ECCLESIASTES, a canonical book of the Old Testament, of which Solomon was the author, as appears from the first sentence. The design of this book is to show the vanity of all sublunary things; and from a review of the whole, the author draws this pertinent conclusion, "Fear God, and keep his commandments, for this is the whole of man ;"— his whole wisdom, interest, and happiness, as well as his whole duty. Ecclesiastes, according to a modern author, is a dialogue, in which a man of piety disputes with a libertine who favoured the opinion of the Sadducees.

His reason is, that there are passages in it which seem to contradict each other, and could not, he thinks, proceed from the same person. But this may be accounted for by supposing that it was Solomon's method to propose the objections of infidels and sensualists, and then to reply to them.

ECCLESIASTICAL POLITY, the rules by which churches are governed, as to their spiritual concerns. The reformers having renounced the pope as antichrist, and having laid it down as their fundamental principle, that scripture is the only rule of faith, and that it is the privilege of every man to interpret it according to his own judgment, had to consider in what manner the churches which they had formed were to be regulated; and there soon arose amongst them upon this point diversity of sentiment. Melancthon and the earliest reformers viewed with veneration the hierarchy which had so long subsisted, as also many of the ceremonies which for ages had been observed; and they expressed their readiness to continue that distinction of pastors which their researches into the history of the church had enabled them to trace back to the early ages of Christianity. But whilst they declared in favour of this form of ecclesiastical polity, they did so, not upon the ground that it was of divine institution, or positively required by the Author of Christianity as inseparable from a church; but on the ground, that taking into estimation everything connected with it, it appeared to them eminently adapted to carry into effect that renovation of piety, and that religious influence, which they were so eager to promote. They thus made ecclesiastical polity a matter of expediency, or of prudential regulation; the one thing in their view, binding upon all Christians, being to strengthen the practical power of religion. That this is a just representation of the state of opinion amongst the first Protestants, will be placed beyond a doubt by a few quotations from the confession of Augsburg, and from the works of some of the most eminent divines who then flourished. Speaking of this subject, the compilers of the confession declare, "that they were most desirous to preserve the ecclesiastical polity, and those degrees in the church which had been introduced by human authority, knowing that, for wise and good purposes, the discipline, as described in the canons, had been introduced by the fathers." "We wish," they add, "to testify that we would willingly preserve the ecclesiastical and canonical polity, if the bishops would

cease

to act with cruelty against our churches." And once again they remark, that they had often declared that they venerated not only the ecclesiastical power which was instituted in the gospel, but that they approved of the ecclesiastical polity which had subsisted, and wished, as much as was in their power, to preserve it. It is quite plain from these passages, that the framers

of that confession, and those who adhered to it as the standard of their faith, viewed ecclesiastical polity as a matter of human appointment; and that, although they venerated that form of it which had long existed, they looked upon themselves as at liberty, under peculiar circumstances, to depart from it. The truth, accordingly, is, that a great part of the Lutheran churches, as we shall afterwards find, did introduce many deviations from that model for which their founders had expressed respect and admiration; although episcopacy was in several places continued.

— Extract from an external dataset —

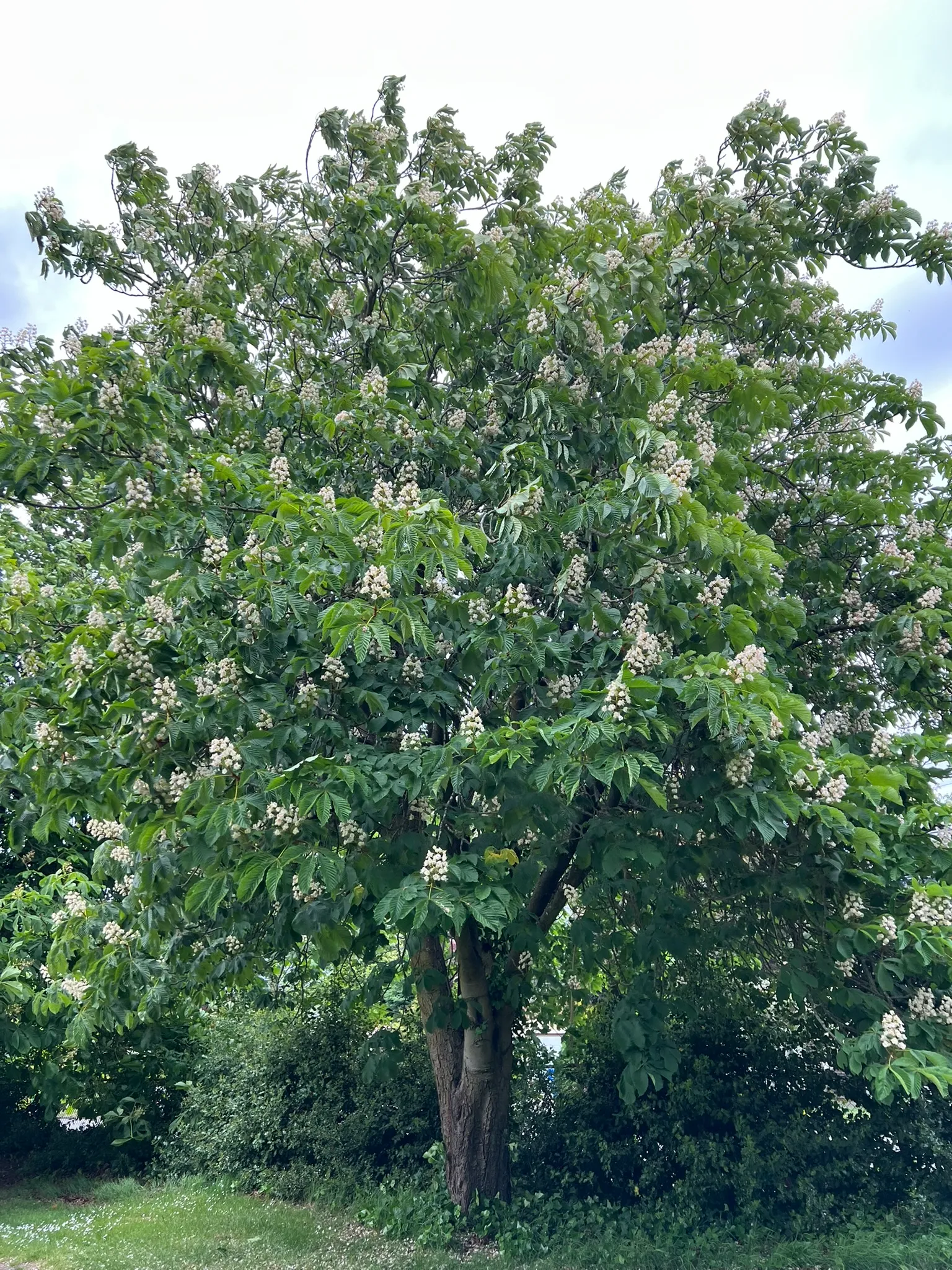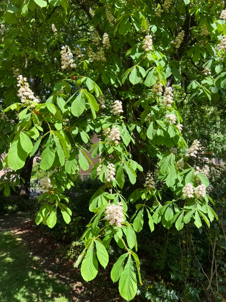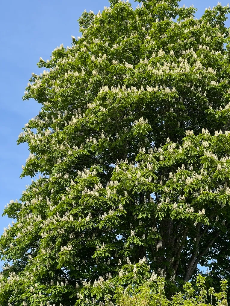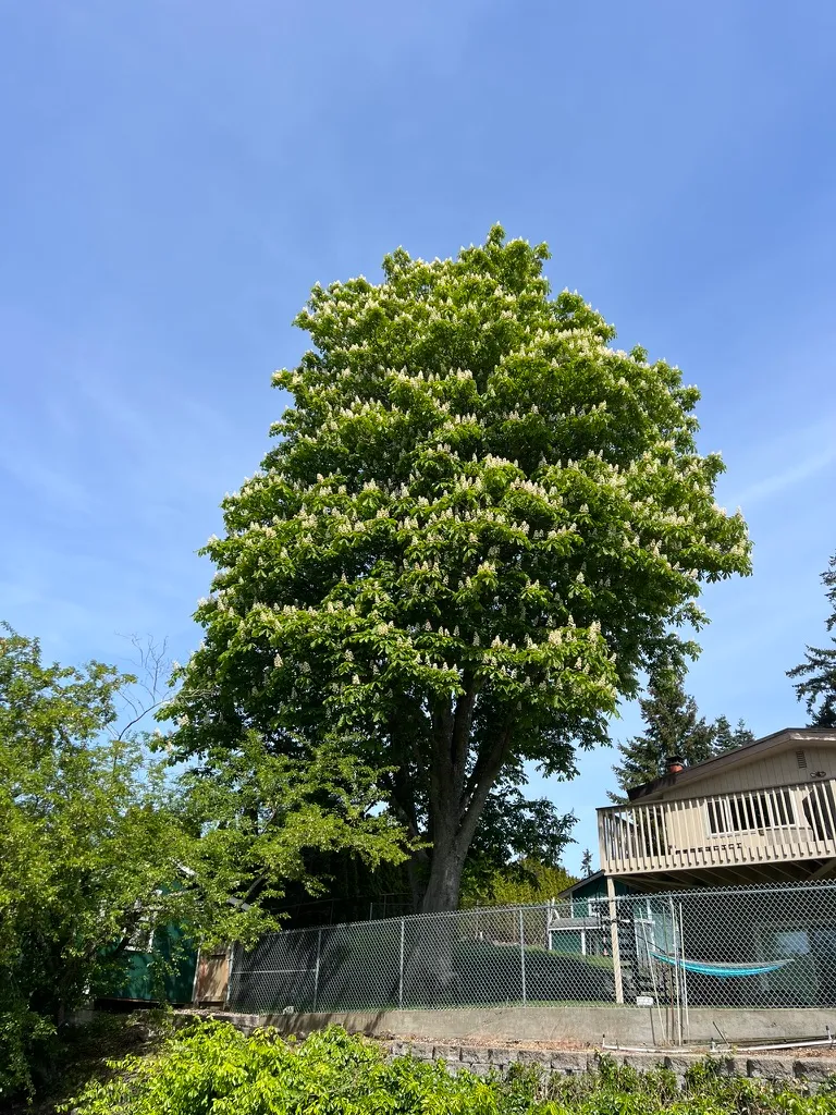Aesculus hippocastanum is a large deciduous tree reaching 50–75 feet (15–23 m) tall and 40–60 feet (12–18 m) wide, with a broad, rounded crown. Leaves are palmately compound with 5–7 leaflets, each 4–10 inches (10–25 cm) long, dark green above with a coarse, wrinkled texture. In May through June, upright panicles of white flowers 8–12 inches (20–30 cm) tall rise above the foliage; individual flowers are 0.75 inch (2 cm) across with yellow blotches that turn red after pollination. Fruit are round, spiny green capsules 1.5–2.5 inches (4–6 cm) across, ripening September through October and releasing 1–3 glossy brown seeds (conkers). Bark is dark gray-brown, developing plated scales with age. Notably large, sticky resinous buds are a reliable winter identification feature. Growth rate is moderate, 1–2 feet (30–60 cm) per year. All parts of the plant are toxic to humans and animals if ingested; conkers contain aescin and should be kept away from children and pets. In humid Pacific Northwest conditions, the fungal leaf blotch disease Guignardia aesculi reliably disfigures foliage by July through August — leaves develop brown scorched patches and the tree appears in poor health by late summer. This is cosmetic rather than fatal, but it is a consistent performance limitation in wet coastal climates. The hybrid Aesculus × carnea 'Briotii' shows significantly better resistance and may be preferable for PNW plantings.

2. In consequence, however, of the exertions of Calvin, what were denominated the reformed churches deemed it expedient wholly to change this form of polity, and to introduce again the equality amongst pastors which had existed in the primitive times. That celebrated theologian, resting upon the undisputed fact, that in the apostolic age no distinction subsisted between bishops and presbyters, thought himself at liberty to frame a system of polity upon this principle, persuaded that, by doing so, he would most effectually guard against those abuses that had given rise to the papal tyranny which Protestants had abjured. He accordingly introduced his scheme where he had influence to do so; and he employed all the vigour of his talents in pressing upon distant churches the propriety of regulating, in conformity with his sentiments, their ecclesiastical government. But, whilst he was firmly persuaded that an equality amongst pastors was agreeable to the apostolic practice, he has shown that he did not conceive this equality to be so absolutely required by scripture, that there could in no case be a departure from it. He was, in fact, convinced that all the purposes of religion might be accomplished under a form of polity in which it was not recognised: "Wherever," he says, "the preaching of the gospel is heard with reverence, and the sacraments are not neglected, there at that time there is a church." Speaking of faithful pastors, he describes them to be "those who by the doctrine of Christ lead men to true piety, who properly administer the sacred mysteries, and who preserve and exercise right discipline." In tracing the progress of the hierarchy, he observes, that "those to whom the office of teaching was assigned were denominated presbyters; that to avoid the dissensions often arising amongst equals, they chose one of their number to preside, to whom the title of bishop was exclusively given; and that the practice, as the ancients admitted, was introduced by human consent, from the necessity of the times." That this exaltation of the bishop, and, of course, this departure from parity, did not, in his estimation, render the church unchristian, is apparent from what he says of it after the change was introduced : "Such was the severity of these times, that all the ministers

ECCLESIASTICAL POLITY.

were led to discharge their duty as the Lord required of them." Even after archbishops and patriarchs had arisen, he merely says, in recording their introduction, "This arrangement was calculated to preserve discipline."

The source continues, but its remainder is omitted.